What you are asked to do: Retype the lines from the first one in the records down to the line containing "제목 | 2025년 하반기 재단법인 논산시장학회 장학생 선발 안내 | ||||", counting both, and leave out any pictures.

Material provided:
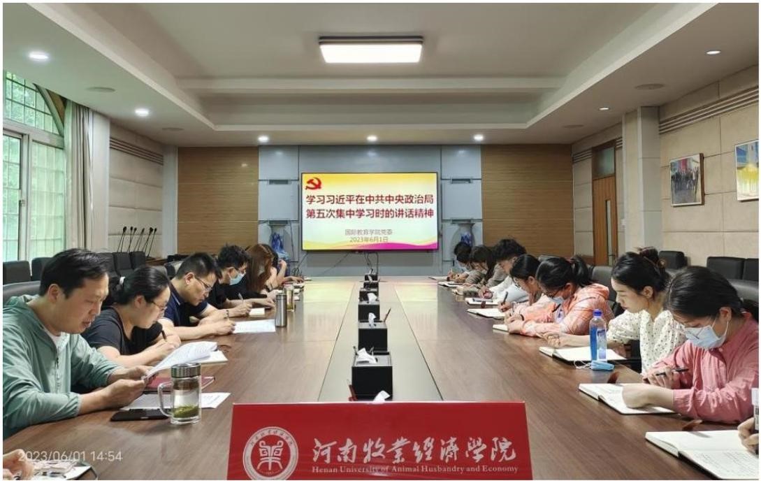 6 月 1 日下午,太阳成集团tyc33455在教学办公楼 113 会议室组织学习习近平总书记在中共中央政治局第五次集体学习时的重要讲话精神。会议由学院党委书记贾江主持,全体教职工参会。
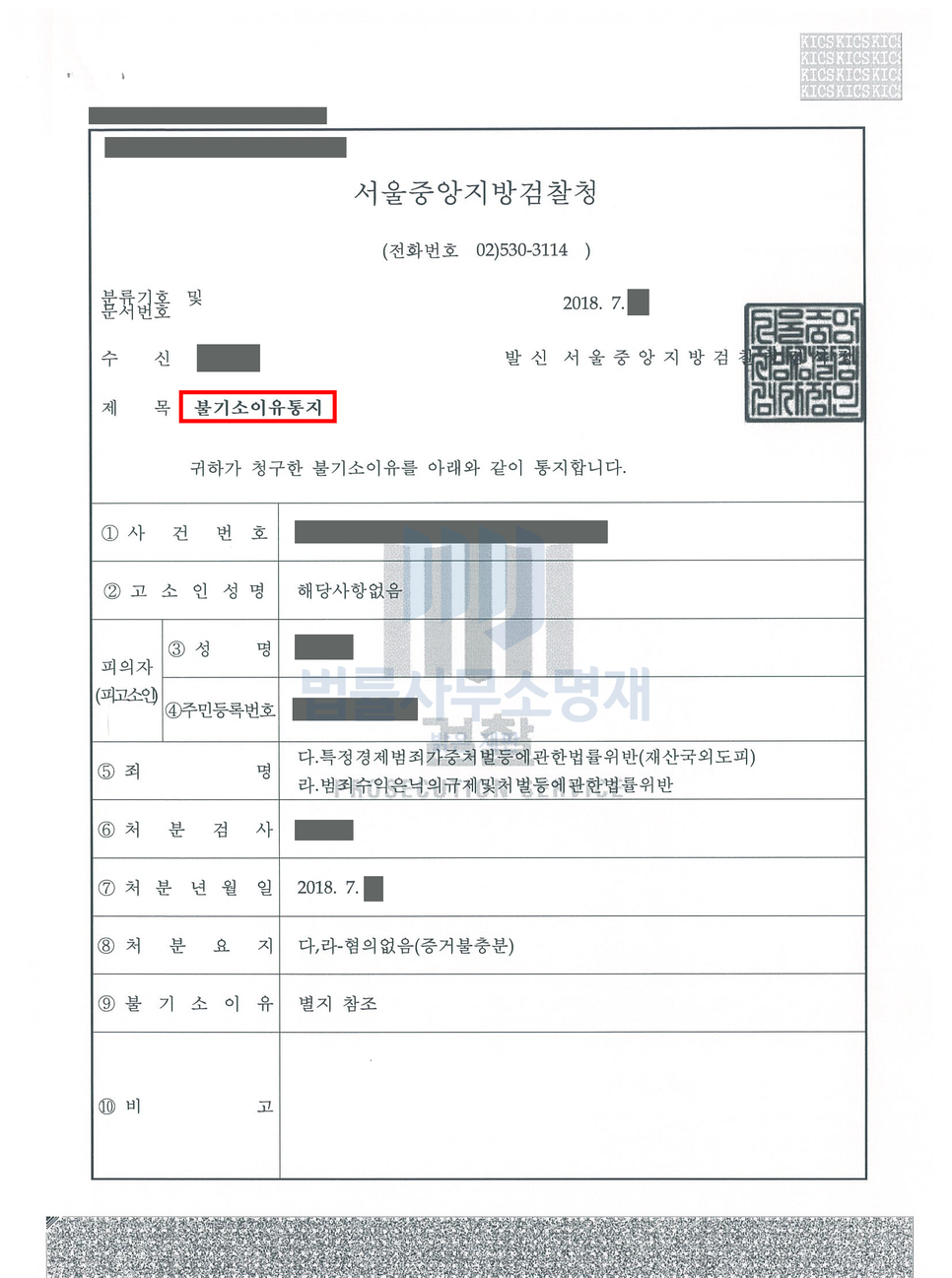 검찰은 의뢰인에 대한 특경법 위반(재산국외도피) 및 범죄수익은닉 혐의에 대해 최종적으로 무혐의처분(증거불충분)을 하였습니다. 만일 혐의가 인정되었다면 재산국외도피를 이유로 5년 이상의 유기징역, 범죄수익은닉을 이유로 5년 이하의 징역 및 13억 원에 대한 몰수가 가능하였기 때문에 의뢰인은 큰 위기를 모면할 수 있었습니다.
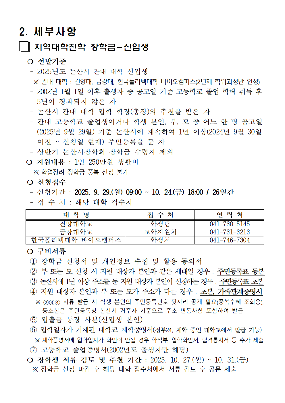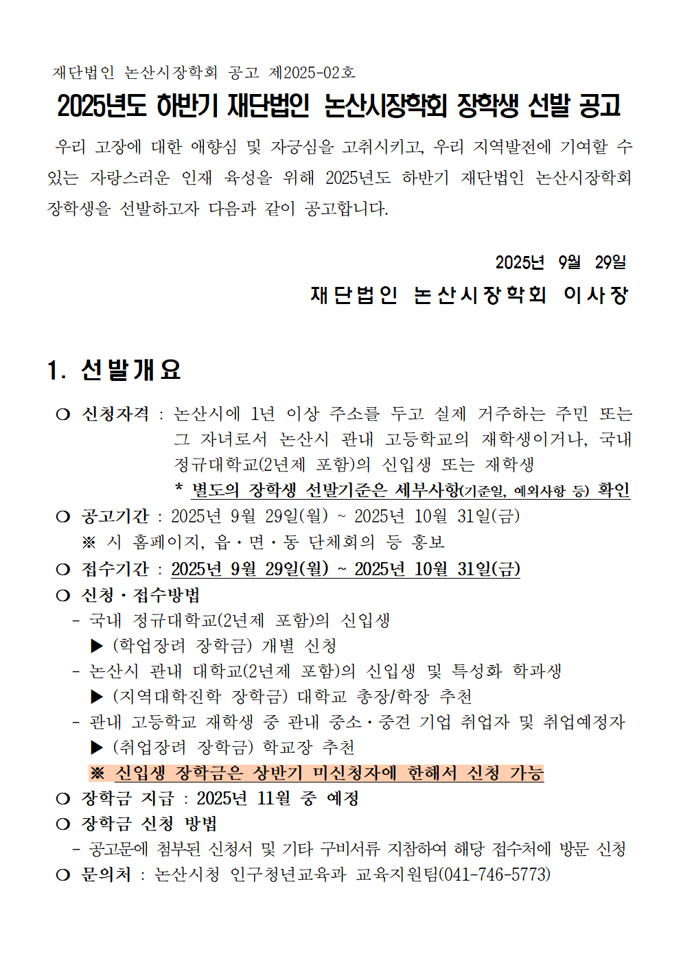 제목 | 2025년 하반기 재단법인 논산시장학회 장학생 선발 안내 | ||||
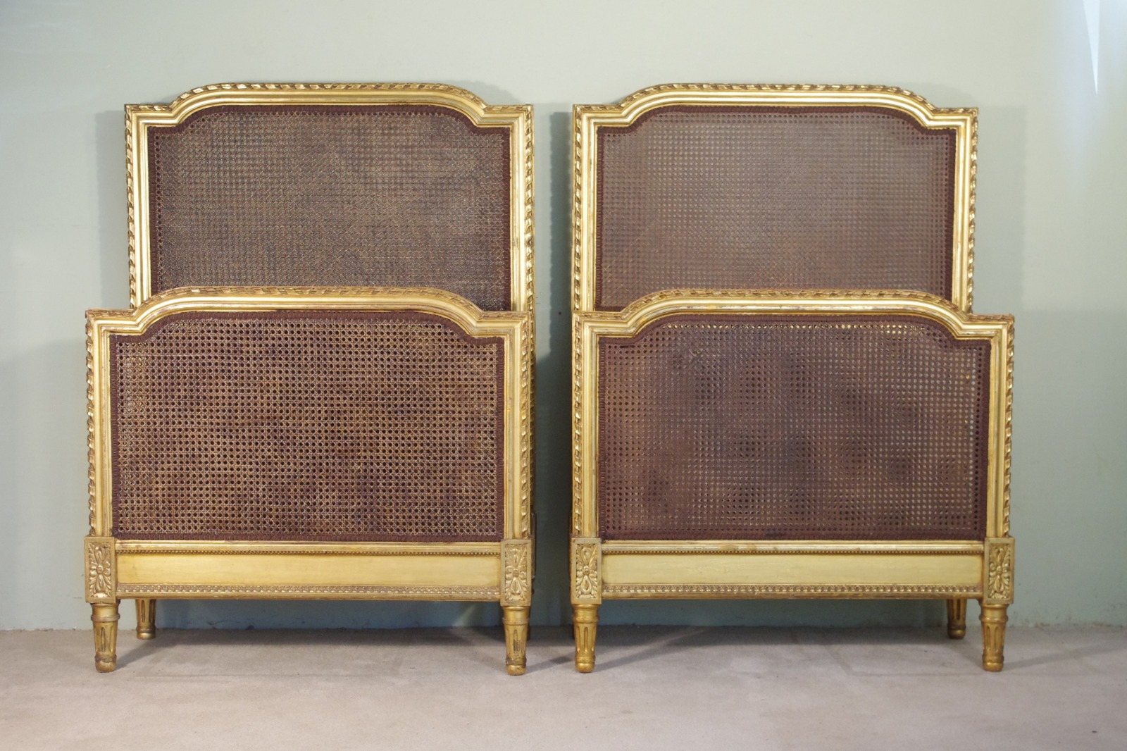 Pair of French Giltwood Cane Single Beds (1 of 17)
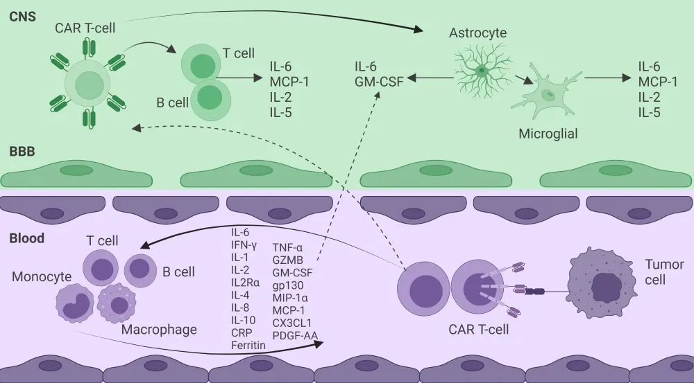 Immune effector cell-associated neurotoxicity syndrome is clinically characterized by neurological symptoms such as encephalopathy, tremors, dysgraphia, apraxia, and seizures caused by interactions between CAR T-cell and target cells that result in the activation and release of inflammatory factors (IL-6, monocyte chemoattractant protein-1, IL-2, and IL-5) in the central nervous system. Moreover, the destruction of the blood–brain barrier may lead to the migration of CAR T-cells to the brain parenchyma causing an increase in cytokine and protein levels that leads to central nervous system inflammation and toxicity.
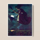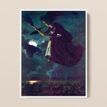 La leyenda es específica: una escoba con cerdas abiertas, una muñeca corrigiendo para el viento cruzado, un pueblo respirando en finas cuerdas de humo. Raíces irlandesas e ilustración de era de revistas le dan a la bruja velocidad moderna, no pánico medieval. Ella navega el campo índigo, eligiendo altitud sobre amenaza, trazando un horizonte constante sobre techos y agua. Cuidado, sí, pero sobre todo presta atención a su competencia.

Completed exercise:
 6 月 1 日下午,太阳成集团tyc33455在教学办公楼 113 会议室组织学习习近平总书记在中共中央政治局第五次集体学习时的重要讲话精神。会议由学院党委书记贾江主持,全体教职工参会。
 검찰은 의뢰인에 대한 특경법 위반(재산국외도피) 및 범죄수익은닉 혐의에 대해 최종적으로 무혐의처분(증거불충분)을 하였습니다. 만일 혐의가 인정되었다면 재산국외도피를 이유로 5년 이상의 유기징역, 범죄수익은닉을 이유로 5년 이하의 징역 및 13억 원에 대한 몰수가 가능하였기 때문에 의뢰인은 큰 위기를 모면할 수 있었습니다.
 제목 | 2025년 하반기 재단법인 논산시장학회 장학생 선발 안내 | ||||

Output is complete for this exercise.